November 20, 2003 Posted by | Uncategorized | 1 Comment

Thanks, Bradley!

-About three months ago, I started getting someone else’s mail. Mind you, I’ve been living in my loft for about a year now… It’s not like there should be mail forwarding issues at this point… But lo and behold, every month for the past three, there’s an issue of Stuff Magazine addressed to “Bradley J. Buckman” in my mailbox.

-I asked my landlord what was up… If a guy named Bradley used to live or work in the loft… Nope. It was a media company before we moved in. Before that it was a rather well-known band. No Bradleys in either organization.

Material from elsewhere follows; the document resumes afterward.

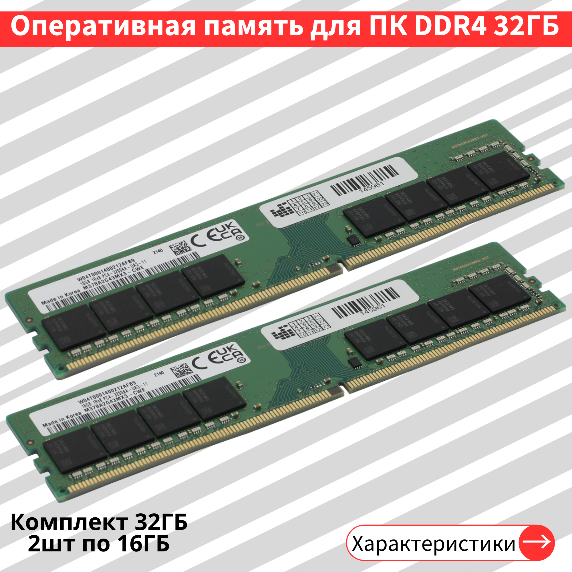 Комплект оперативной памяти Samsung 32 ГБ DDR4 3200 МГц 1.2V DIMM 2 шт по 16 гб
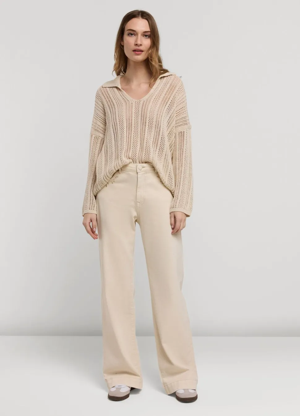 Opengewerkte Trui Met Verschillende Gaatjesmotieven. De Trui Heeft Een Oversized Fit En V-Hals Met Polokraag.

Hmm… I asked the mailman what the deal was, and if there was any forwarding info on file for the dude… He told me that only first class mail gets forwarded, and that magazines are technically 4th class mail. So if I refuse this ghost’s subscription, it just gets thrown away by the US Postal Service.

-So I’m left with a pseudo subscription to a magazine that I previously have slid aside on my way to the latest AdBusters or Music Connection. Don’t get me wrong… I always appreciate free stuff (no pun intended)… I just feel weird reading someone else’s subscription to the thing. It HAS come in handy more than once, though…

-The first of these examples happened when I was out in NYC with my girl… I found myself at one of these celebrity-packed “it-list” parties in some random after-hours warehouse on the lower west side… Everyone was jockeying for position dancing next to Jamie Kennedy or trying to keep themselves in Nikki Cox’s eye line. We were over it, and we made our way to the “over it” section. I met this dude named Aric, and it so happens he was a friend of a friend… We started talking, and it also turns out he works as Associate Publisher at Stuff Magazine. I told him the story of the mystery subscriber at my place, and he thought it was the best story he’d heard all night. So he proceeded to buy everyone in our party dramatically overpriced drinks all night on the corporate credit card (thanks, man)!

-The second benefit came in the form of the September 2003 issue… Brooke Burke is practically naked on the cover, but it’s the inside which held the surprise… My best friend Brian (from Fine White China) used to date this girl named Jen. Hollywood Jen behind her back… This is the girl who broke up with my boy by handing him a “Dear John” letter tucked into a BIBLE as a parting gift. What a lame dump. Essentially, she told him he needed to act more “Christian.” Anyway, this particular feminine disciple of the Lord had a leather-clad rooftop bikini spread inside! And there she was… Hollywood Jen… Looking like an awkward midwestern dominatrix! How upstandingly Christian of her! Whatever… The story gets better…

-I had a show booked with Fine White China a couple days later, so of course I brought the issue to give to Brian. Who should stride into the club as he’s flipping through the rediculous display? Hollywood Jen! The classic “ex at your show” scenario… Pretending not to care, but watching him all night to see if he’s looking at her… Brian, the sly devil that he is, was able to use the situation to his advantage, and undeniably ended the evening with the upper hand. Bradley’s errant September issue was used as a stage prop during FWC’s set to exact some pinpoint revenge as he introduced their song “Starfucker.” All that was heard above the clink of ice in the bar glasses was a single shriek from the Stuff-ed dimwit…

-So all that to say… Thanks Bradley J. Buckman. Your truant subscription has made my life a bit more interesting… Free magazines, free alcohol, and Hollywood revenge for my friends! If we ever meet in person, the evening’s on me!

Love and gratitude and Stuff,

November 12, 2003 Posted by | Uncategorized | Leave a comment


SO… It’s been a while. I apologize… I’ve been too busy laughing my ass off at the hilarious crank calls posted at http://www.celebrityprankcalls.com . Seriously, it’s one of the funnier things I’ve seen on the internet for quite some time. These dudes took soundbites of movie quotes, and crank call the poor saps of America. They play different clips and quotes in order to have conversations with the unsuspecting recipient… SO funny. Arnold Schwarzenegger calling an asian escort service is so hilarious, and somehow so appropriate!